■ DATA EXTRACT ■
----

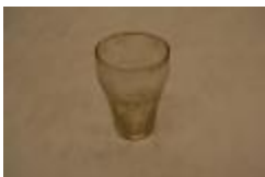
Cup (2011.7.62) 1920 – 1940 Alex's Candy Shop
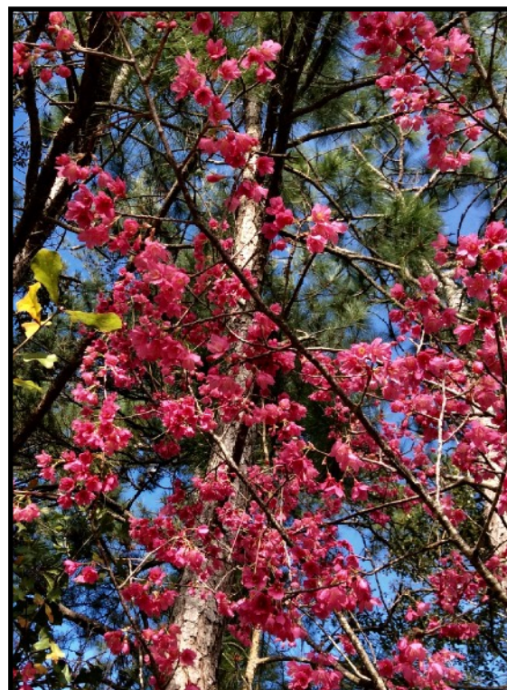
Cherry, non-baring...photo by E Fabian
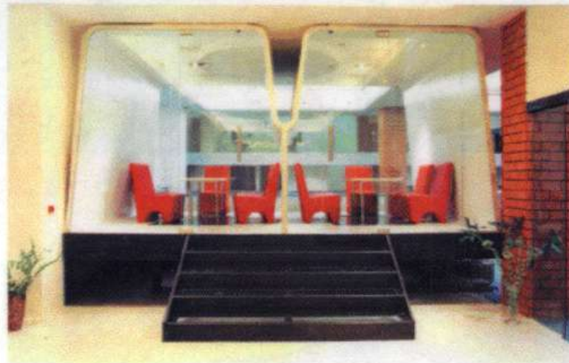
MEETING ROOM, PERCEPT D MARK

----

■ PROMPT ■
Reproduce the data above exactly, leaving out any picture in it.

■ WRITTEN RESPONSE ■
Cup (2011.7.62) 1920 – 1940 Alex's Candy Shop
Cherry, non-baring...photo by E Fabian
MEETING ROOM, PERCEPT D MARK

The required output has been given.